It can be assumed that the appliance is easier to work with. It does not require any special intra-oral skills. One of the main disadvantages is the cost. It can be deduced that the high cost may be related to the large number of TARAs required in each case and, more importantly, to the royalty payable to the manufacturer. In this article, a new method is described and cases presented using TARAs fabricated without the use of computers. The aim of developing this method is to attempt to provide a more affordable alternative and further enhance the popularity of TARAs.

There have been several methods advocated in generating orthodontic force in TARAs. The Hilliard Tooth-moving Thermopliers (Raintree Essix Inc., Metairie, USA) uses heat to create localized deformations. Minor tooth movements have been achieved. Invisalign^® uses computer-aided fabrication. A common feature of these methods is that orthodontic force is generated by recovery of the wall of the TARA from its deflected position. TARAs fabricated with soft blanks tend to be less effective.⁴ Using thicker blanks presents a different clinical problem in that the TARAs cannot then be fully seated unless the increments of change are very small. This is particularly evident when the point of applying the force is near the incisal edge or occlusal surface. Invisalign^® overcomes this problem by issuing to the patient a series of many TARAs fabricated from a single impression using computer technology. Without the aid of computer, it would be impossible to fabricate so many TARAs at small incremental changes with such accuracy.⁵

Ideally, the orthodontic force should be sustained through distance and time, of a suitable magnitude and delivered at a point most suited to induce tooth movement in the desired direction.

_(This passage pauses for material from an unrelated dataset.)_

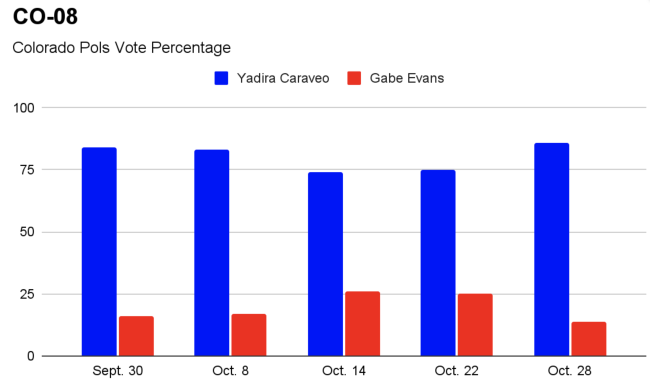 And here is how readers have viewed CO-08, where incumbent Democratic Rep. Yadira Caraveo is trying to hold off Republican Gabe-ish Evans. At no point over the last several weeks have Pols’ readers ever felt like Evans was going to unseat Caraveo.
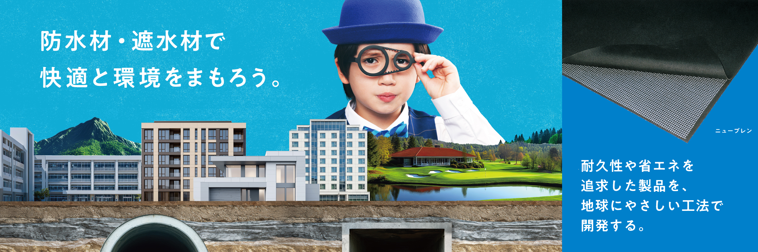 学校、集合住宅、ショッピングセンター、工場など様々な分野に防水材、遮水材、仕上げ材を提供しています。

A closer approximation to the ideal situation may be created by attaching a small amount of resilient material strategically in the TARA to generate orthodontic force. The material is compressed at insertion. It pushes the tooth along as it reverts to its original shape, along with recovery of the deflected wall. This allows sustained forces to be delivered over a longer distance and time. Furthermore, thicker and stiffer blanks can be used for thermoforming. Not only are the resultant TARAs more durable, they are also more retentive and afford better control of the anchor teeth. Such a material should be:

• resilient;
  
• of a suitable stiffness and when compressed generate forces within the physiological range for orthodontic purposes;
  
• bondable to the wall of the TARA;
  
• translucent or tooth-coloured;
  
• non-toxic;
  
• easy to add to and trim and allow easy chair-side processing.
  

All of the above properties are present in Triad Resiline (Dentsply International Inc., York, USA). This is a urethane dimethacrylate-based material, designed as a light-cured denture soft-liner and it stays resilient for up to a year. It is bondable to acrylic material such as Rain-tree Essix A + plastic (Raintree Essix, Metairie, USA).

	Procedure

Top Abstract Introduction Procedure Case reports Discussion Conclusion References

 
Impression
The impression is obtained with a high quality alginate material, e.g. Cavex (Cavex Holland bv., Haarlem, Holland). The impression is sprayed with neutral detergent to lower surface tension and cast in high quality gypsum. This combination is generally sufficiently accurate and relatively inexpensive.

Model preparation
The model is trimmed to a size suitable for subsequent thermoforming. This step must be executed with care. Even minor damage to the cusp tips would greatly affect the fit of the TARA. The trimmed model is examined under magnification for defects. Comparison with the original study model is beneficial. Voids are filled with Triad Gel (Dentsply International Inc., York, USA). Spacers are placed on the model to create room for movement of the target tooth. Triad Denture Base Material (Dentsply International Inc., York, USA) is good for this purpose. It is translucent and allows easy gauging of the thickness of the applied layer. A small amount of Triad Gel is placed at the target tooth on the model to act as an adhesive. A small disc of Triad Denture Base Material is added, and manipulated by a small wax knife into the desired thickness and shape. The spacers are hardened by placing the model into a light-curing box, but if this is unavailable, a composite curing lamp can be used. In Figure 1, pieces of Triad Denture Base Material were placed on the distal aspects of UR3, UR4, UL4 and UL5 to provide room for distal movement of these teeth. The model was a working model of case 3.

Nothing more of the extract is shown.